Type Desk Based Assessment

Permalink http://canmore.org.uk/event/706026

NS79SE 40 7967 9358.

(NS 7967 9358) Supposed Site of (NAT) Dominican Monastery (NR) AD 1233 OS 1:500 map (1860)

There is now no trace of the Dominican friary which formerly existed at Stirling (RCAHMS 1963). The friary, dedicated to St Laurence, or according to Brockie, St Kentigern, was founded by Alexander II in 1233. It was destroyed by Reformers in 1559, and the Blackfriars' lands came into possession of the burgh in 1652 (Fr Brockie MS collections at St Mary's College, Blairs).
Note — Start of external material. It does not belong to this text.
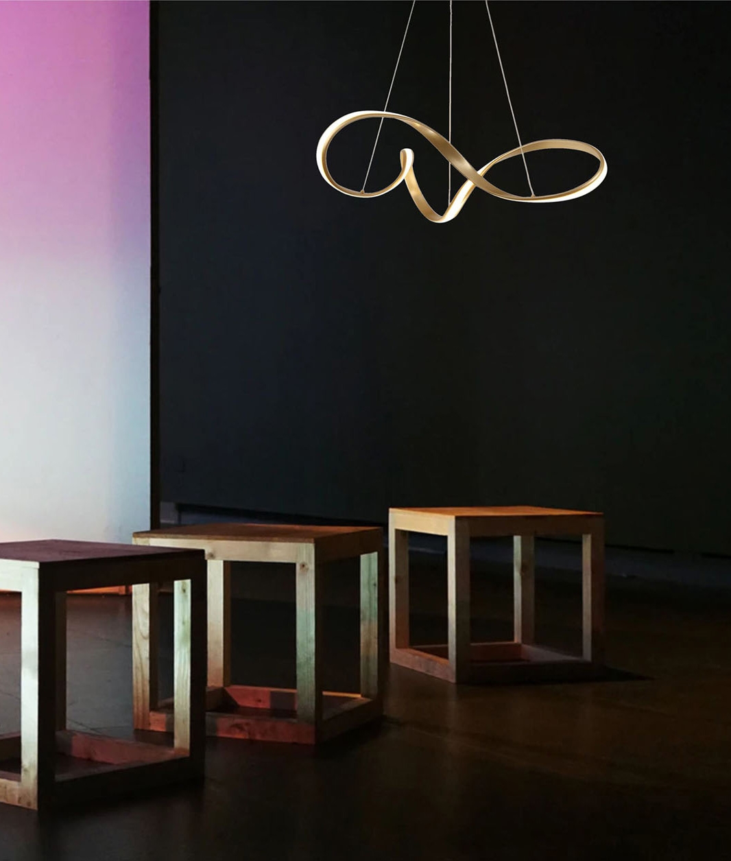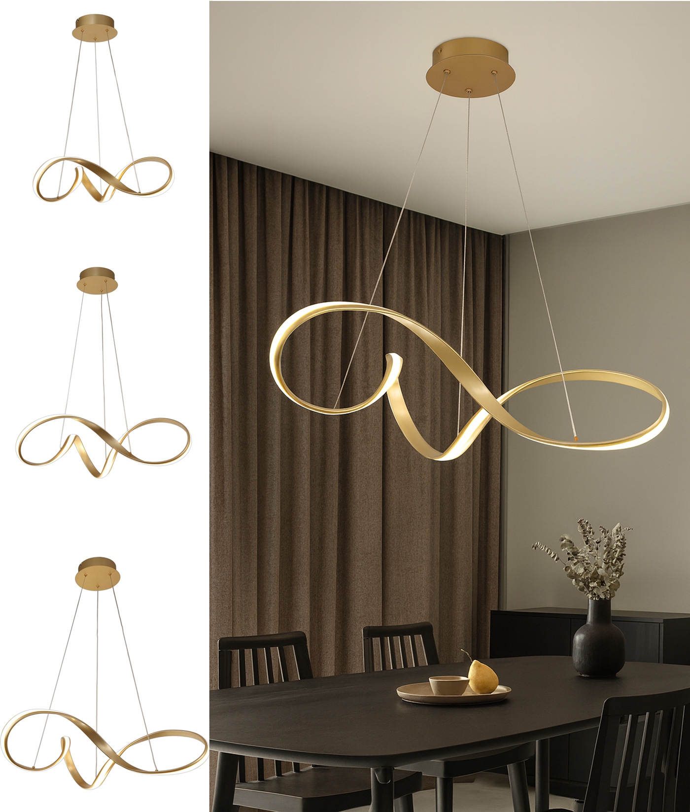 From £259.00 inc VATThe rhythmic twists and curls of this suspended light deliver a seamless flow of light. Despite the spiralled directionality of the integral LEDs the fittings as a whole emit an ambient glow of 3000K illumination. In order to offer a wider variety of LED options, it boasts a sand gold colour finish making this pendant range a rare must have entity within a market where modern LED lighting paired with traditional colours are scarce.

The site was pointed out to the field surveyor in 1858 by the R C priest and Town Clerk, "situated on the E side of Murray Place and Maxwell Place, now occupied as a house and gardens, where great quantities of human bones have often been found."

Name Book 1858; D E Easson 1957

In 1835 when the Saracen's Head inn was being demolished for the erection of the Bank of Scotland, abundant evidence was obtained to show that what is now the bank garden was formerly a burial ground.

Trans Stirling Natur Hist Antiq Soc 1890

While demolishing nos. 58 and 60 Murray Place, an old wall was discovered. It was 46' long, 5' broad, with four buttresses 12' apart, each projecting 5' from the main wall. It is believed to have been the S wall of the Blackfriars Church. An abundance of human remains were also found. (Nimmo (1880), notes that for over 250 years, the Church was the chief place of worship in Stirling, with the burial ground adjacent). Ronald records that the Blackfriars' lands were bounded by a stone wall, whose S boundary is said locally to have been about Thistle Street.

J Ronald 1899; Trans Stirling Natur Hist Antiq Soc 1903.